[Whom is she addressing as "my love"? Her lover? The reader? The cockroach? The maid?]
G.H. is compelled to organize, to organize hope. She needs some organizing principle by which to recover. She is aware that she managed to leave the room, but recovery is still required.
She lives so far above the world, she knows her life may suddenly collapse.
She questions why this happened to her. "What was it that called me: madness or reality?" (p 66).
She feels unclean. "And why was the unclean forbidden?" (p 67).
She comes to understand: "Becoming unclean with joy" (p70). Joy without redemption, joy without hope. (Is this a purer joy, or a more sinful one?)
More and more I had nothing to ask for. And I was seeing, with fascination and horror, the pieces of my rotten mummy clothes falling dry to the floor, I was watching my transformation from chrysalis into moist larva, my wings were slowly shrinking back scorched. And a belly entirely new and made for the ground, a new belly was being reborn.What new being is this?

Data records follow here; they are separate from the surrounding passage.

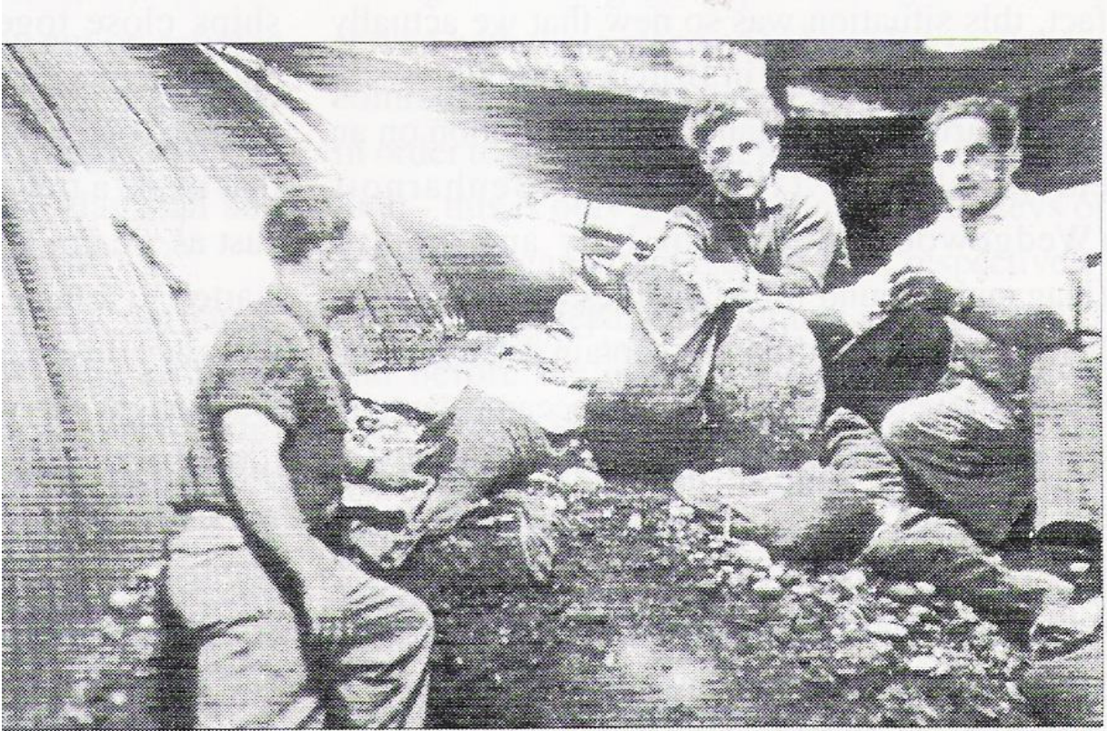
Excavation of tunnels for smuggling the detained from the camps in Cyprus

and said, "Dad, I was born 40 years too late!" Today, she is a mother and kibbutz in the Jordan Valley.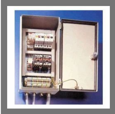
EB E Box Rittal Panel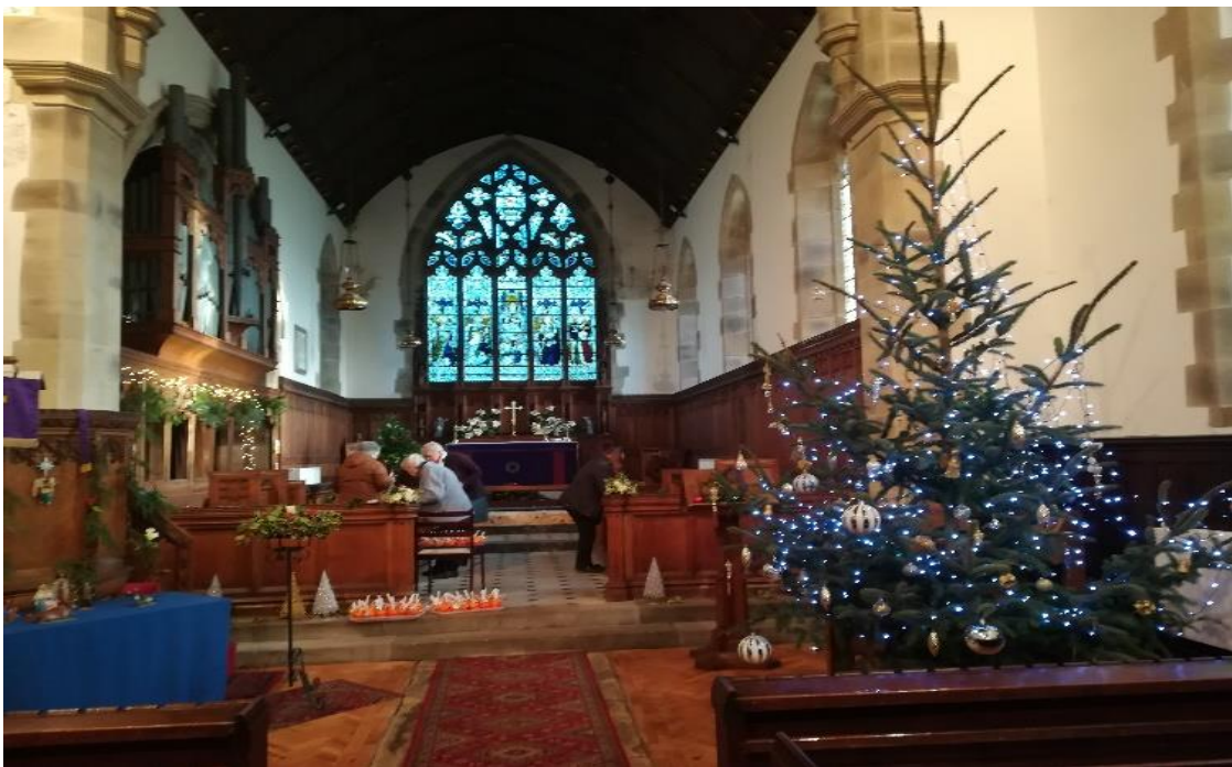
Preparing for the Christingle Service, December 2018

On Remembrance Sunday, the community turned out in force to remember the fallen at the War Memorial and they filled the church for the service that followed, with some of the village children reading out the names of the 21 soldiers who gave their lives during the first world war. We are also in the process of putting together a booklet about the lives and families of these 21 young men, copies of which will be available in church for all to read.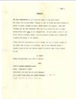
"Iola Brubeck's rehearsal book", 1962 Score, 1.3A.10.002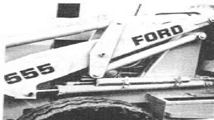
Figure 2 Loader Lift Cylinder "Safety Bar" Installed in Storage Position

WARNING: Service the engine compartment with the Loader bucket on the ground in the dumped position or in the raised position with the Loader lift cylinder "SAFETY BAR" installed (see Figure 1). Never work under or around a raised Loader without the "SAFETY BAR INSTALLED".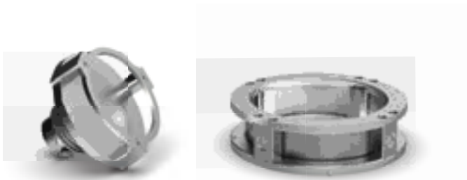
Cutting rotor with cooling fins and sieve shells holder with fixed knives and sieve shells

Samples which are difficult to grind or extremely temperature-sensitive (e.g. plastics) can be embrittled with the addition of liquid nitrogen and subsequently ground in the PULVERISETTE 14 premium line .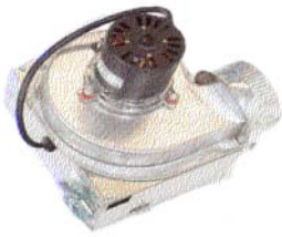
Cress Clean Air System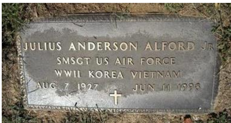
Photo from Mount Moriah Cemetery, Macon Co., GA Inscription: SMSGT US Air Force World War II Korea Vietnam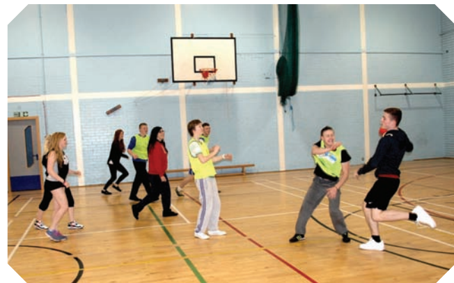
Sports and Recreation Class 2013

See relevant job profiles at PlanIT Plus website www.planitplus.net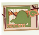
'6 Today' Card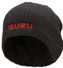
Isuzu Cable Knit Beanie $9.65ea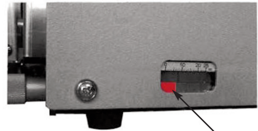
Partial Strip Indicator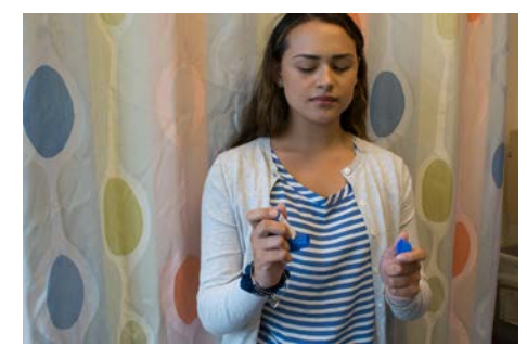
Take off cap from the inhaler.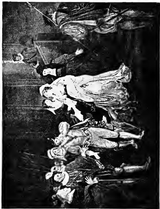
ALL'S WELL THAT ENDS WELL. Act III., Scene III.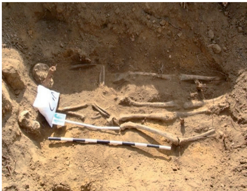
Image 4: The skeletal remains of two of the four individual in situ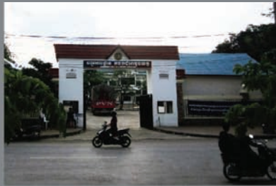
Battambang Gendarmerie Center 13.0952N, 103.1958E Run by: Gendarmerie Approximate capacity: 100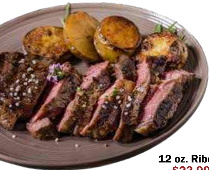
12 oz. Ribeye $23.99

Includes choice of two sides, roll and butter or Texas toast or bread sticks. Table service included. Get single hot entrée for 1/2 of meal price. Add $2.00 for an additional entrée. All prices are subject to change due to market fluctuations.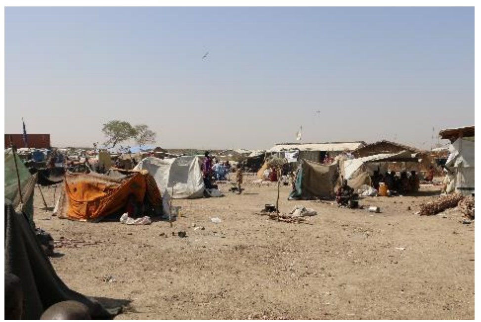
Fleeing violence and starvation, large numbers of Leer county residents have fled to the Bentiu Protection of Civilians camp, 29 January 2016.

After I was raped, I didn't leave [for the PoC] immediately. We used to hide ourselves in the swamp. When we left [for the swamp] we would hide our durra [in the ground] but soldiers sometimes find it and dig it up."80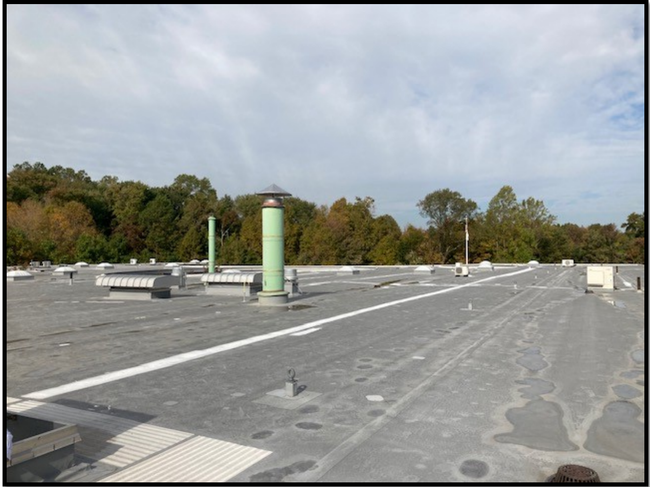
Burr Elementary School – Full Roof Replacement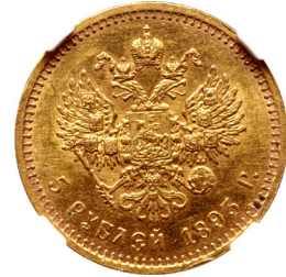
738. Russia, Empire. Alexander III AV 5 Rouble. St. Petersburg mint, 1893. Apollon Grashof, mintmaster. ✪ Б.М.АЛЕКСАНДРЪ III ИМПЕРАТОРЪ И САМОДЕРЖЕЦЪ ВСЕРОССИЙСКІЙ, bare head to right / Crowned double-headed imperial eagle facing, wearing shield on breast depicting St. George slaying the dragon, with shields arranged across wings, and holding sceptre and orb; crown above, denomination and date below. Edge inscription: ЧИСТАГО ЗОЛОТА 1 ЗОЛОТНИКЪ 34,68 ДОЛЕЙ (А·Г). Bitkin 39. 6.48g, 22mm, 12h.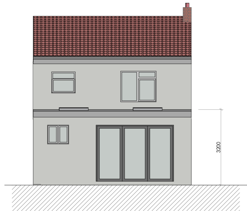
PROPOSED REAR ELEVATION 1:100 ②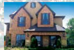
NEWMARK HOMES from the $300s

Avanti • Christopher Sims • Darling • D. R. Horton • Fairmont Fedrick, Harris • Highland • J. Patrick • Lespreance • Meritage • Newmark Partners in Building • Perry • Plantation • Peterson • Sitterle • Sterling Classic Taylor Morrison • Toll Brothers • Trendmaker • Triumph • Westin • Westport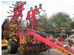
2011 VADERSTAD Rexius Twin 4.5m Press, c/w levelling boards, raptor tines, VGC £23,000 RL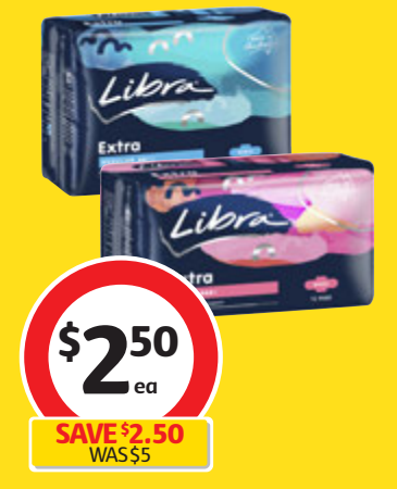
Libra Extra Pads with Wings Regular 14 Pack or Super 12 Pack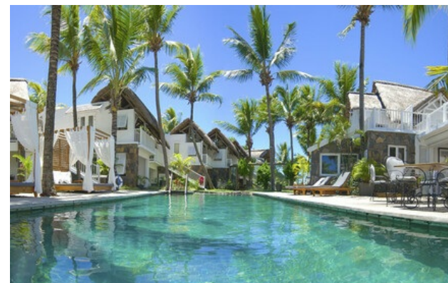
Member Relais & Châteaux since 2013 Coastal Road, Pointe Malartic Grand-Baie Pointe aux Canonnières

Hotel and restaurant on the seafont. A delightful colonial mansion, nestling in a coconut grove right at the water's edge, is home to a tastefully appointed, charmingly refined little hotel. The soft, neutral shades of Flamant Home Interiors furniture in its individually designed guest rooms stand in brilliant contrast to the blue of the sea and green of the coconut palms, instilling deep feelings of peace and seclusion. The restaurant, also at the water's edge, serves delicious creole and international dishes. However 20 Degrés Sud Boutique-hôtel has two more treasures in store: the M/S Lady Lisbeth, the oldest motorboat on the island which, when evening falls, takes a party of guests to dine under the stars on the calm waters of the bay.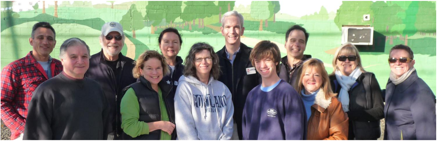
GNA volunteers at the Annual Neighborhood Clean Up and Swap, October 2010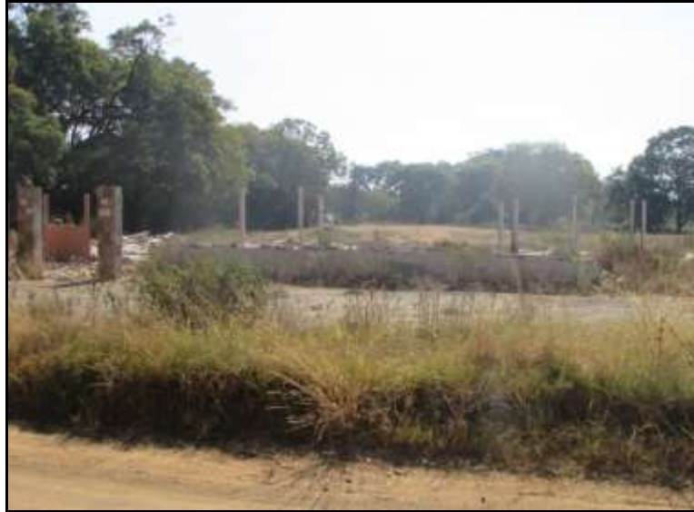
Fig.19: The foundations of another recent structure.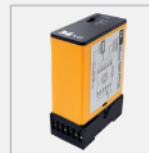
EWI loop detector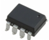
ASSR-4120-502E Avago Technologies (Broadcom Limited) RELAY SSR DPST .12A 8SMD GW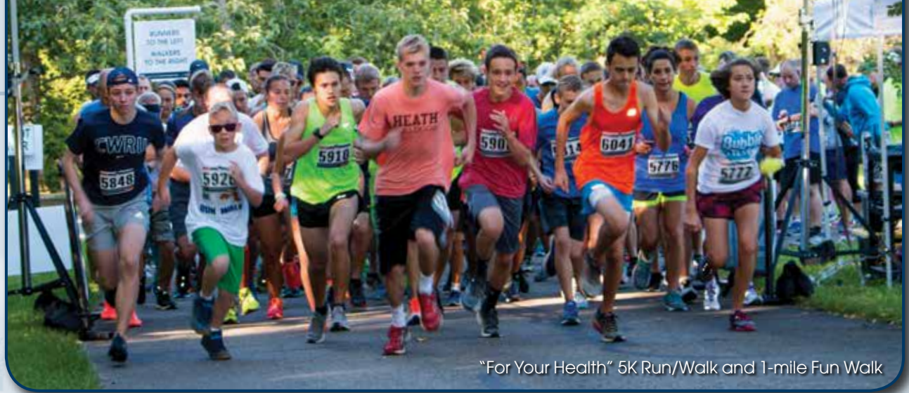
“For Your Health” 5K Run/Walk and 1-mile Fun Walk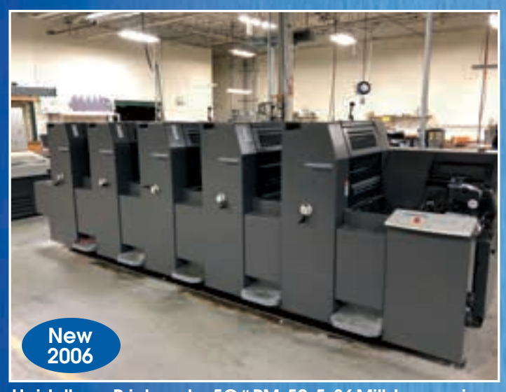
Heidelberg Printmaster 5C # PM-52-5, 36 Mill. Impressions

SALE DATE: THURSDAY, FEBRUARY 7, 1:00 PM (ET) INSPECTION: WEDNESDAY, FEBRUARY 6, 9 AM TO 4:30 PM (ET)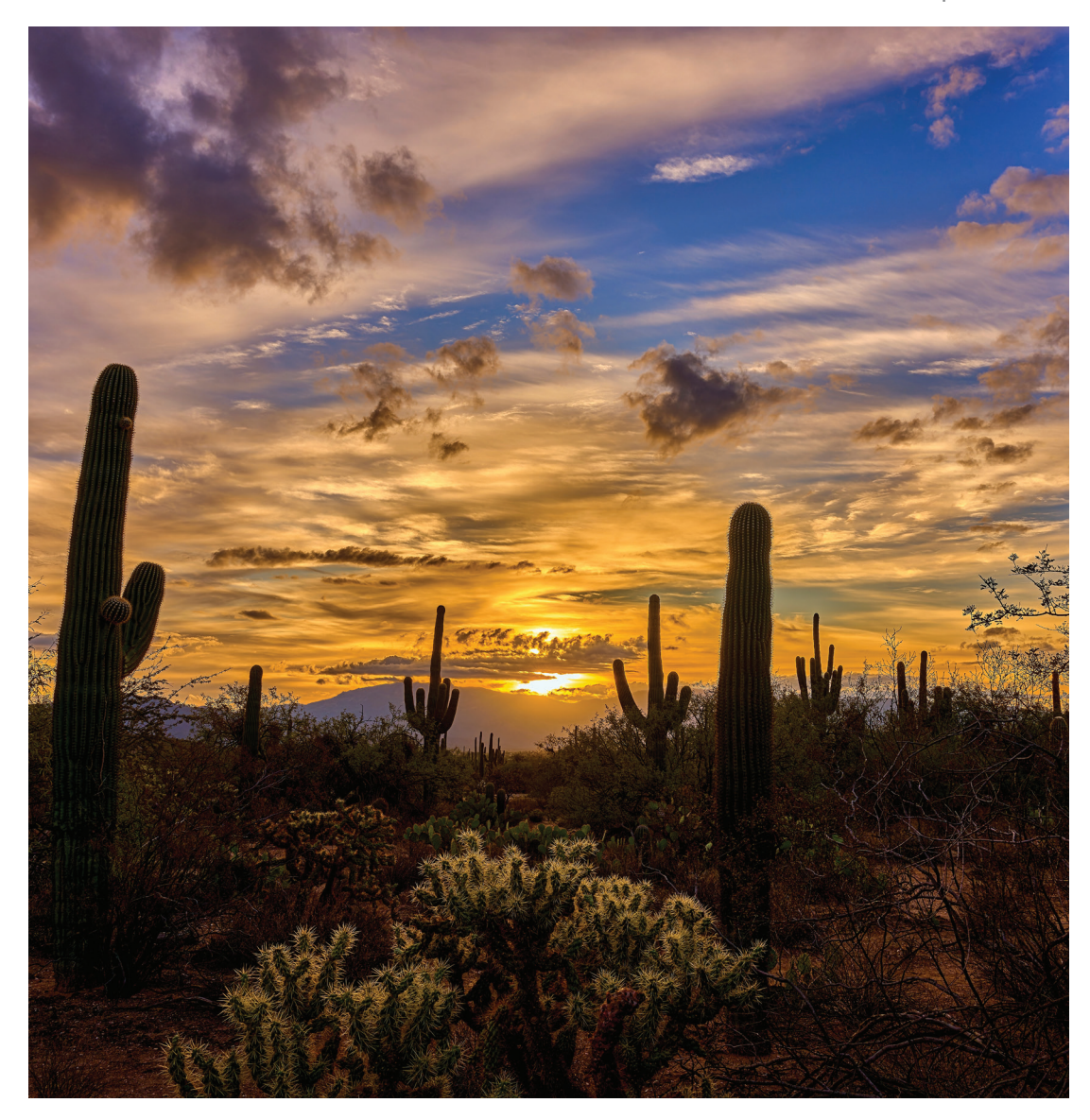
ABOVE: Saguaro cacti in Sabino Canyon

horseback. It's one of several memorable adventures I have during my stay here; one morning, I head out on a kayak, gliding down the Salt River as wild horses graze on grassy banks and giant tangerine-orange rocks soar into the sky. In the evening, I venture off on a hiking trail, watching as the landscape turns deep ruby at sunset. It feels as if I've stepped into a John Wayne movie.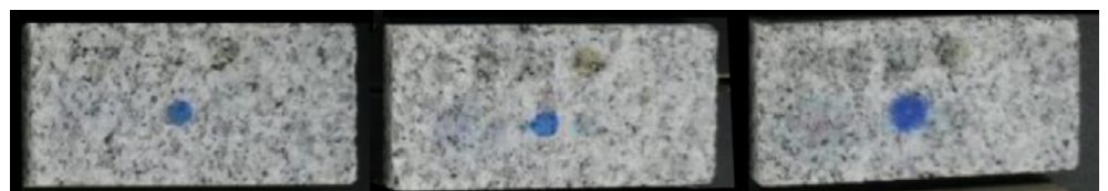
Figure 2: Granite treated with 3 mass% GMW-605, fluoro product A, fluoro product B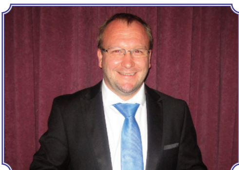
3. Who, what, where, when?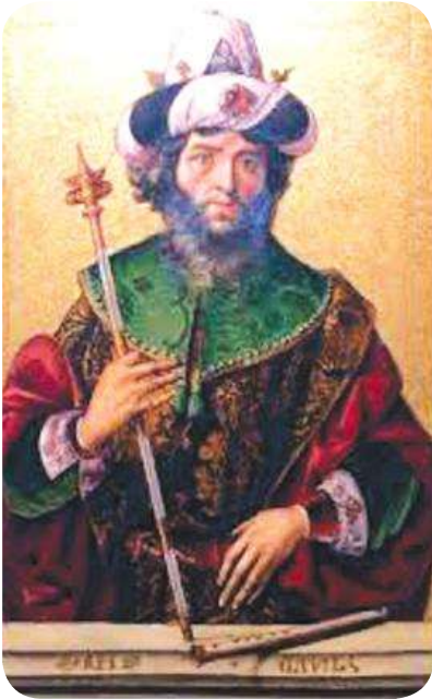
10.2 Picture - King David

Since Saul disobeyed God, God ordered Samuel to appoint a new king. As guided by God, Samuel went to Jesse's house in Bethlehem. Jesse belonged to the tribe of Judah. He was to select one of his sons. Looking at the eldest son, he thought he was the suitable person, but God said: "Do not look at his appearance or on the height of his stature, because I have rejected him; for the LORD does not see as mortals see; they look on the outward appearance, but the LORD looks on the heart" (1 Samuel 16:7).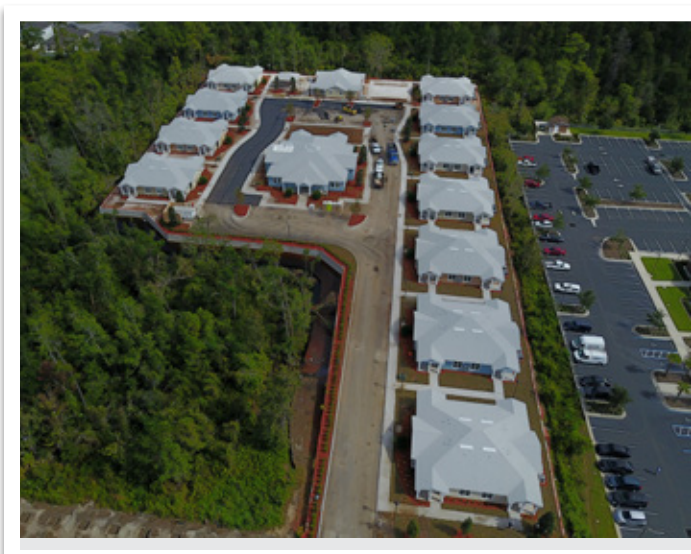
Aerial of Quest Village

Sulzbacher Village, located in the northside of Jacksonville held a topping out ceremony in October. Sulzbacher Village will provide affordable housing to single women, female veterans and families. Amenities will include a state-of-the-art pediatric health center with primary care, dental, vision and behavioral health services, a therapeutic early learning center, a female medical respite unit, and a children's program including a computer lab, fine art, homework support and mentoring services. The community is expected to be complete in April, 2018.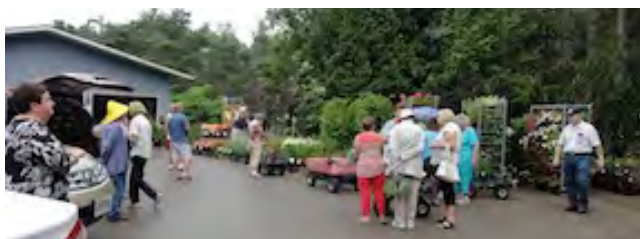
Shopping at John's Garden.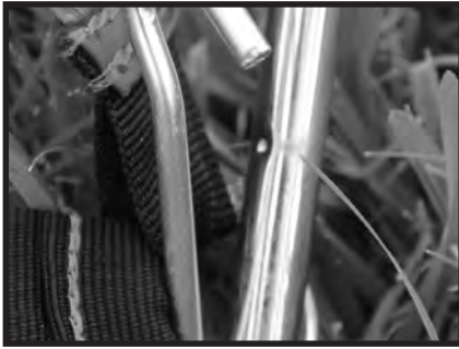
Step 7 - Stake down at the ring and tabs around shelter.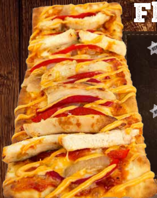
SOUTHWEST CHICKEN FLATBREAD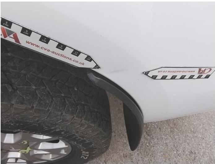
5: Qtr Panel nsr Dented With Paint Damage

She lowers herself to the roach's level, and sees it as it is, beyond ideas.
And then there's more white matter spurting out! "The roach wasn't seeing me with its eyes but with its body." (p 73).
The wings are receding. "My convictions and my wings were quickly drying up" (p 73).
And she's just looking at the roach, and it's hideous and beautiful. And completely feminized: "Its two eyes were alive like two ovaries. It was looking at me with the blind fertility of its gaze. It was fertilizing my dead fertility" (p 74). Is G.H. indulging in a lesbian fantasy? [So the roach is meant to symbolize the maid, then?]
More white matter!
[How can this not be sexual?]
G.H. confides that she never experiences this — this slowing of time — by day; only at night. She is feeling pleasure in all this. "My love."
She claims to be asking for help, but it's not clear of whom or for what purpose exactly: what does she need help for?
But what I'd never experienced was the crash with the moment called "right now." Today is demanding me this very day. I had never before known that the time to live also has no word. The time to live, my love, was being so right now that I leaned my mouth on the matter of life. The time to live is a slow uninterrupted creaking of doors continuously opening wide. Two gates were opening and had never stopped opening. But the were continuously opening onto — onto the nothing?
The time to live is so hellishly inexpressive that it is the nothing. What I was calling "nothing" was nevertheless so stuck to me that to me it was... I? and that's why it was becoming the nothing. The doors as always kept opening.
Finally, my love, I gave in. And it became a now.